Code Monkey home page Code Monkey logo

hand-tracking-pytorch's Introduction

Hand Tracking Pytorch

Hand tracking application developed in Pytorch.

Hand tracking application developed for an university project. It used a RCNN (Regions with CNN) to track hands inside the image and a CNN (Convolutional Neural Network) to evaluate the number of the fingers in the hand.

The RCNN training script is based on the script at tutorial in the Pytorch site. I use a pretrained RCNN on COCO dataset and with fine tuning I teach the network how to recognize hands. The original tutorial used a Mask-RCNN that also create a mask of the shape of the things you search. Since I was only interested in a square box aruond hand I modify the script to use a simpler RCNN.

To test the track in real time you also need OpenCV.

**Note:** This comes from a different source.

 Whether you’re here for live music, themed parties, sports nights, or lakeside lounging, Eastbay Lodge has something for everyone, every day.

A simple video demo is available at https://www.youtube.com/watch?v=1nmR-dRdeos.

RCNN Training

I try two different dataset to train the network. The firs is the pretty famous EgoHands Dataset (The 1.3 Gb version) and the other is a my personal (costum) dataset that I create. The results are similar and you could choose which one to use. The trained model provided in the link is trained on my personal dataset.

Costum dataset use and creation (RCNN (my dataset) folder)

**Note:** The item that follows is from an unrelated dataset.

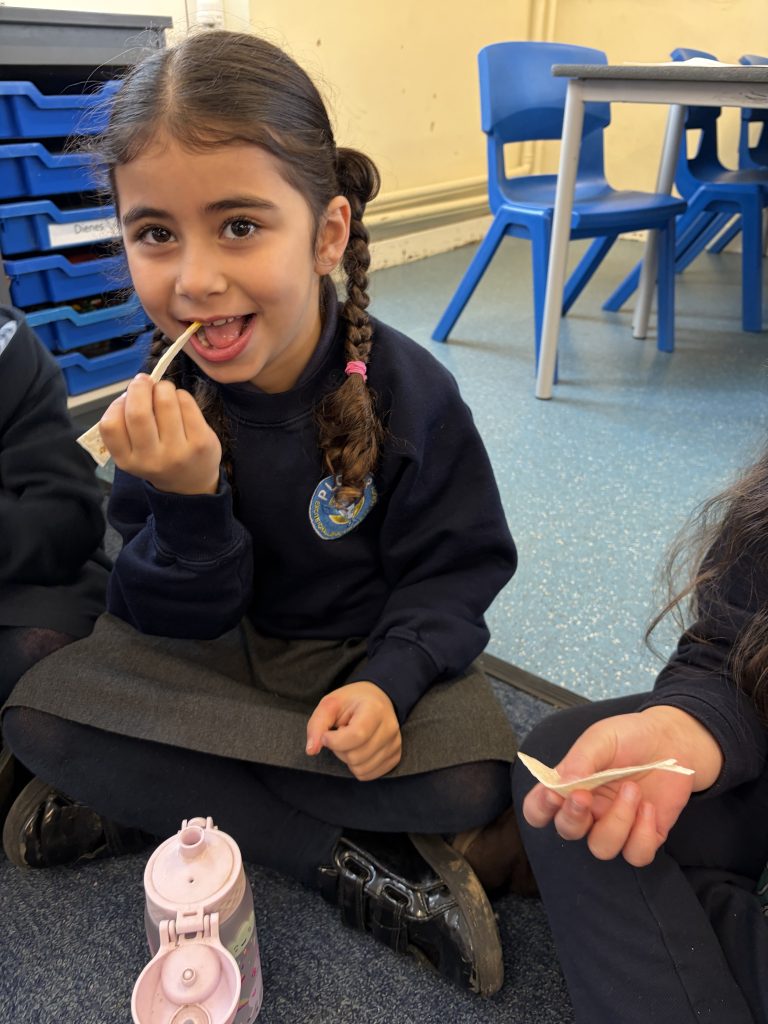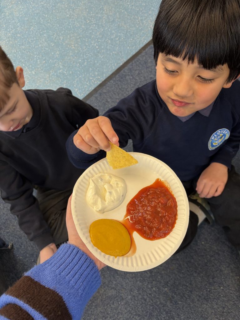 Round 3: Taste Test Challenge! It was time for a food-tasting adventure. The children sampled English favourites like Yorkshire puddings, liquorice, celery and mustard, before moving on to Mexican treats including lime, mango, tortilla chips with dip… and even chilli! Everyone was incredibly brave and tried something new. The tortilla chips and dip were the clear winners, giving Mexico the victory in this round.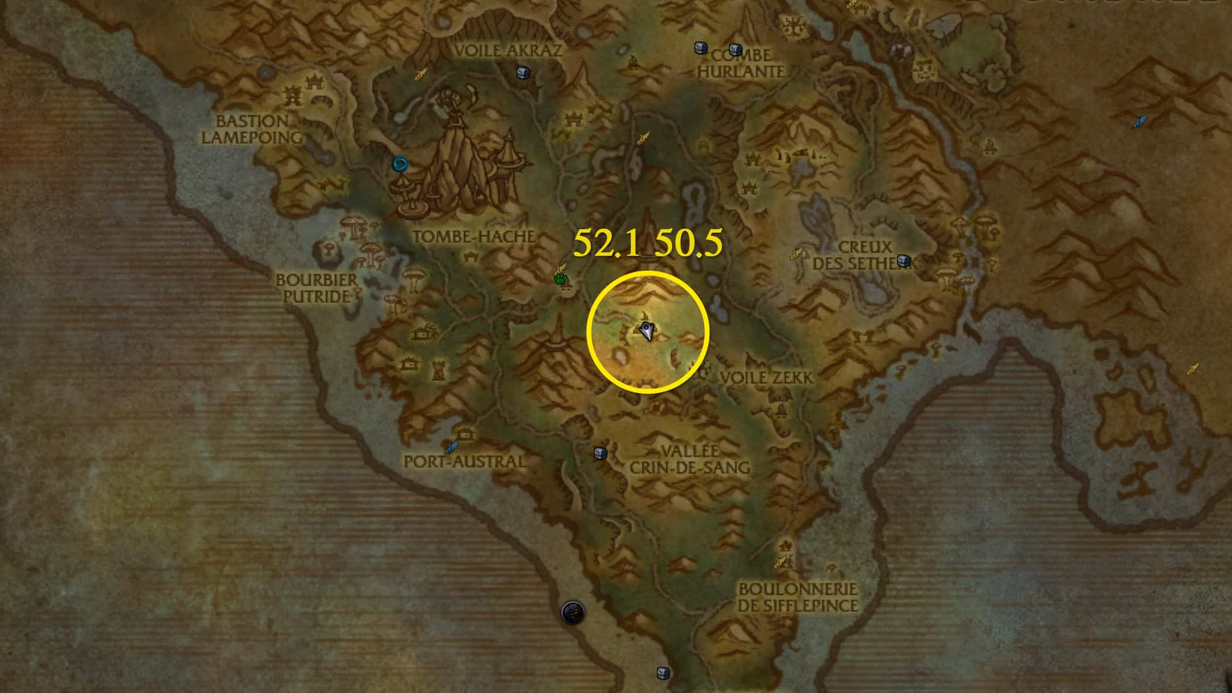 Zektar est situé au centre de la région des Flèches d'Arak en Draenor aux coordonnées

To create your own dataset used the file inside the RCNN (my dataset) folder. The files are well commented but basically you need to:

  1. Execute the dataset_creator.py (you need OpenCV for this). This script create a windows with the image capture by your camera and n boxes (n set by you). You position the hand inside the boxes and after x seconds (x decide by you) the image and the boxes position are saved.
  2. Check the dataset with dataset_check.py (OPTIONAL).
  3. Train the network with train_RCNN.py .

The MyDataset.py file contain the Dataset class used during training. This class is an extension of the Pytorch Dataset class and it will used in combination with the Dataloader (more info and example here, here, here and here).

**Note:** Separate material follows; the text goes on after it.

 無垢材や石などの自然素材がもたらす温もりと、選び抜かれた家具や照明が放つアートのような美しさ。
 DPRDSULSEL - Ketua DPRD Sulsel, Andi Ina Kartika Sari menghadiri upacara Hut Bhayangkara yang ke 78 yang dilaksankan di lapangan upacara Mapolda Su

The support_function.py contain function used during the dataset creation and the dataset loading.

NB: The train need torchvision. All the file are inside the vision folder and that folder must be in the same folder of train_RCNN.py.

EgoHands dataset use (RCNN (egos hand dataset) folder)

To train the model with the EgoHands dataset download the dataset from the link (The 1.3 Gb version). Extract it and put the folders inside the _LABELLED_SAMPLES in tha path that you will use to contain the file for the training. After that execute the file train_RCNN.py .

NB: The train need torchvision. All the file are inside the vision folder and that folder must be in the same folder of train_RCNN.py.

CNN Training (CNN (Finger Counter) folder)

The CNN is a simple network trained on a costum dataset. The dataset is created with the file dataset_creation.py in a similar way to the costum dataset for the RCNN. I use an Adadelta optimizer with a Cross Entropy loss function. For some reason sometimes the training succed and sometimes remain stuck and don't learn after hundreds of epoch. In the last case stop and restart the training.

I use 140 x 140 square as size of the image but you could choose the size that you prefer.

The trained network provided with the code doesn't work very well since I train its on 200 example. Also I suggest you to use always the same hand to improve the accurancy. A trick later used in the the final script is to mirror one of the two hand find by RCNN so the classifier will only receive one type of hand and give similar results for both hand.

Hand tracking script

The hand_detector_V2.py contain the script that track the hand(s). It use OpenCV to capture the camera image and feed that image to the RCNN. With the RCNN I find the hand, take only that portion of the image, reshape in a 140 x 140 square and feed them into the fingers counter.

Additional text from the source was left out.